Мунгаловцы покинули строй, подъехали к Полякову. Он, весело ухмыляясь, сказал:

— Нечего пыль в колонне глотать. Решил я вас избавить от этого. Поедете у меня в боковой дозор. Всех, кого увидите, ловите и доставляйте в штаб. Это приказ самого. Понятно?

— Понятно, господин вахмистр! — откозырял ему довольный Максим и рявкнул: — Коноплев и Вологдин, за мной!

Дав коню поводья, понесся он к желтым увалам справа от дороги. Ларион и Артамошка поскакали следом за ним, на скаку заряжая карабины.

Когда удалились от колонны примерно на версту и поехали шагом, Максим согнал с лица улыбку, озабоченно сказал:

— Удружил, сволочь вахмистр. Он думает, что добро нам сделал, а может получиться наоборот.

— Это почему же? — недоуменно спросил Ларион.

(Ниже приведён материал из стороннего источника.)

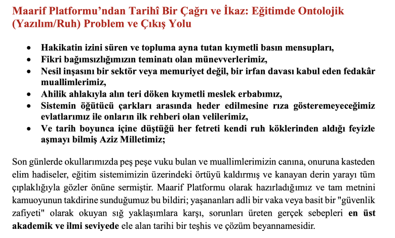 (Bildirinin Tam Metin, Bildiriye ulaşmak için linki tıklayınız) https://www.maarifplatformu.com/maarifin-istiklali-birlik-ve-dirilis-cagrisi/
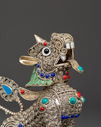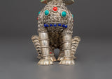 This Tibetan Snow Lion Set is a stunningly designed pair of guardian sculptures made of white metal with a silver-plated finish and embellished with inlaid coral and turquoise stones. Each lion is 14 cm tall and 13 cm wide, weighing 0.186 kg each and 0.372 kg. With their dynamic posture, whirling tails, and gem-studded bodies, these lions represent power, majesty, and spiritual elegance, making them ideal for altar setup, ritual use, or cultural adornment.
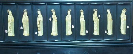 在夫婦倆的工作室,陳列著兩人耗費四年心血的《十八羅漢》聯屏。以名貴紫檀木為底座,由18塊象牙片聯成長1.5米、高0.6米的牙雕聯屏。每塊象牙片上,都有一尊精雕重彩、形態各異的羅漢。
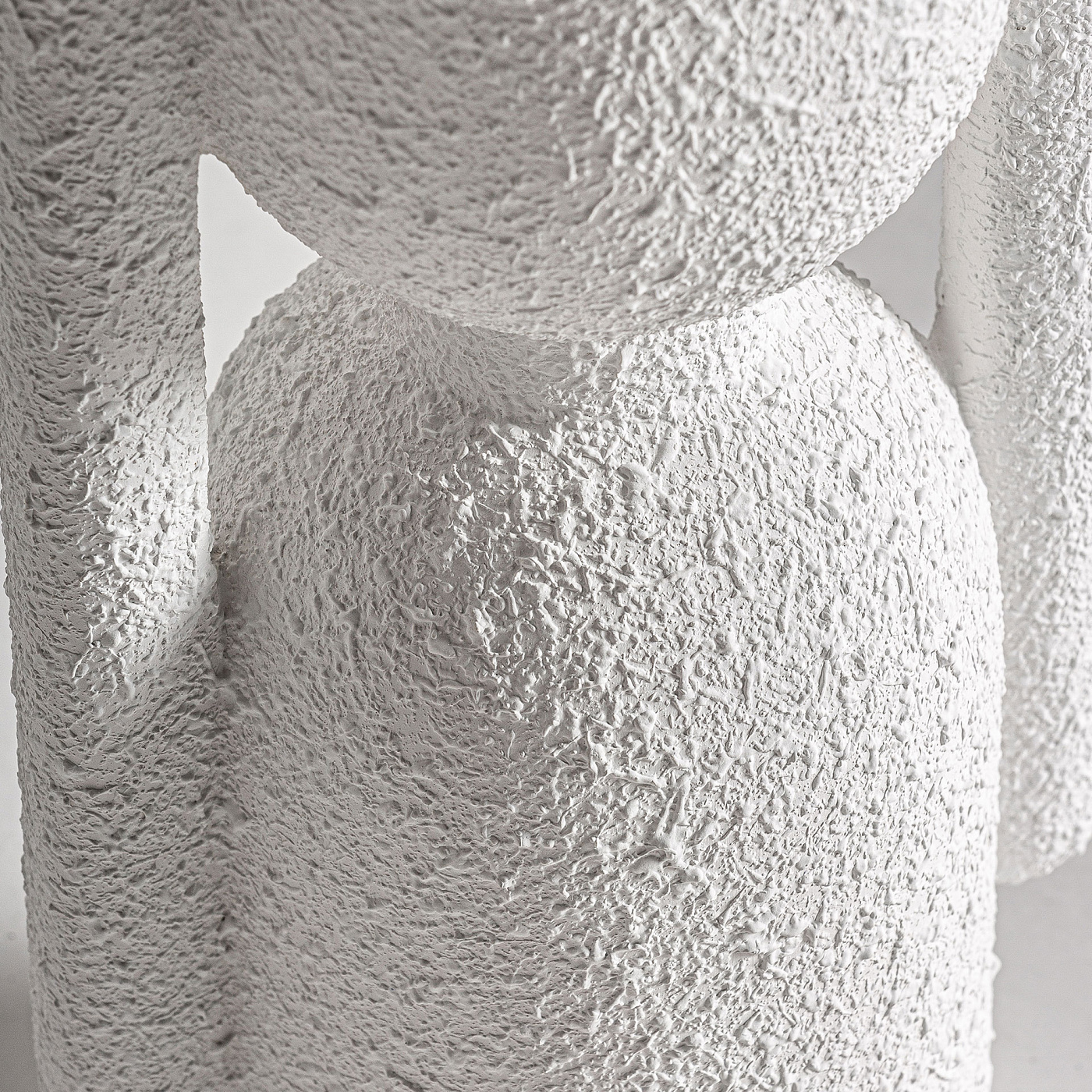 Ваза полностью изготовлена из керамики, которая окрашена в белый цвет матовой краской. Поверхность фактурная. Форма вазы симметричная - ширина донной части аналогична диаметру горловины. Для устойчивости снизу предусмотрены накладки.
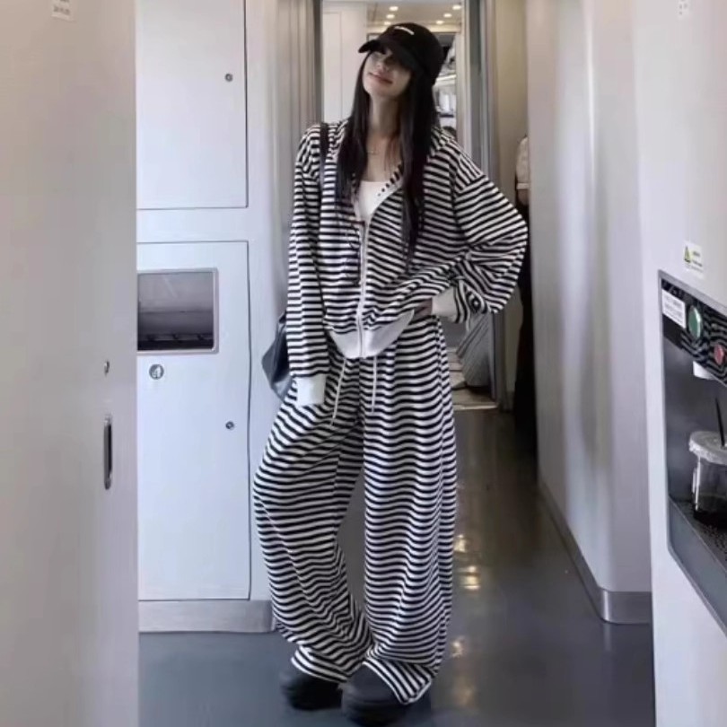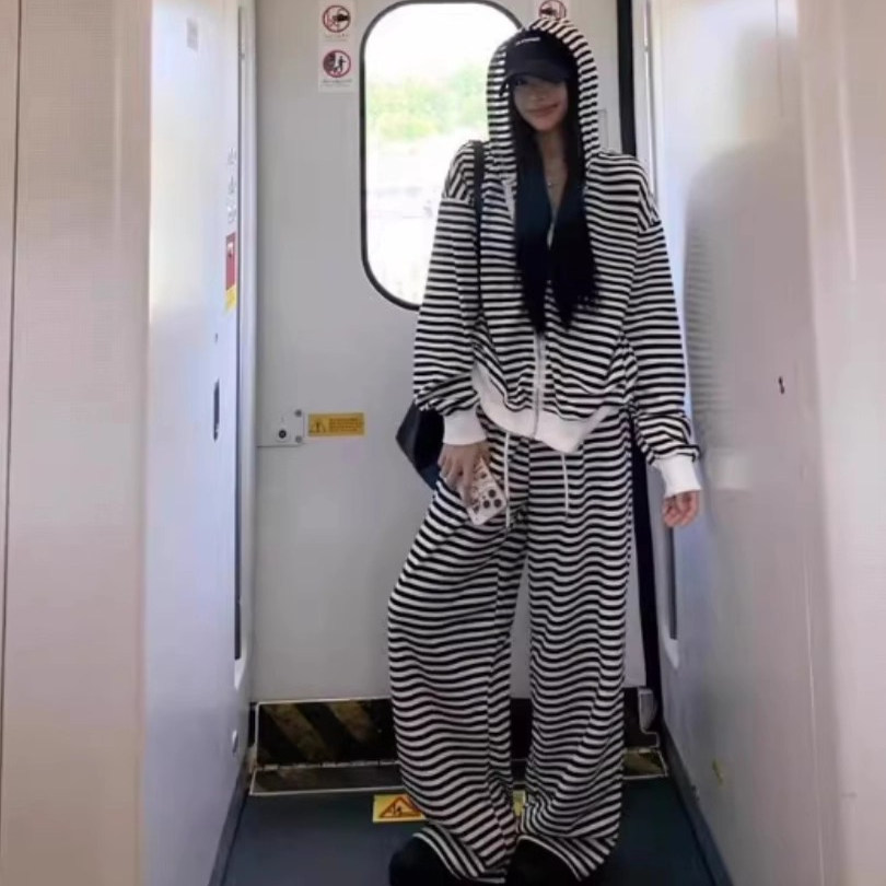 连帽休闲卫衣阔腿裤 2025早春新款 条纹运动睡衣情侣套装 设计感时尚

— Да ведь поход-то, видать, не шуточный. Сроду мы с такими строгостями не хаживали. Раз отдал фон барон приказ задерживать всех встречных и поперечных, значит, хочет куда-то врасплох нагрянуть.

— А ты ничего не разнюхал?

— У кого же я разнюхаю, чудак ты этакий! Об этом, пожалуй, и господа офицеры не знают.

— Слушай, Максим! — обратился к нему Артамошка. — А ведь это для нас ловкий случай домой смыться. Пока хватятся, мы с полсотни верст проскачем. Черта два нас догонишь.

— Правильно! — поддержал его Ларион. — А то туда загонят, где Макар телят не пас.

— Экие вы шустрые! — усмехнулся Максим. — Думаете, раз-два — и дело в шляпе? А подумали о том, что дома нас ждет? Приедем, а там партизаны. Спросят с нас за все, будьте уверены. Унгерновцев они не шибко обожают.

— Мы унгерновцы-то из-под палки.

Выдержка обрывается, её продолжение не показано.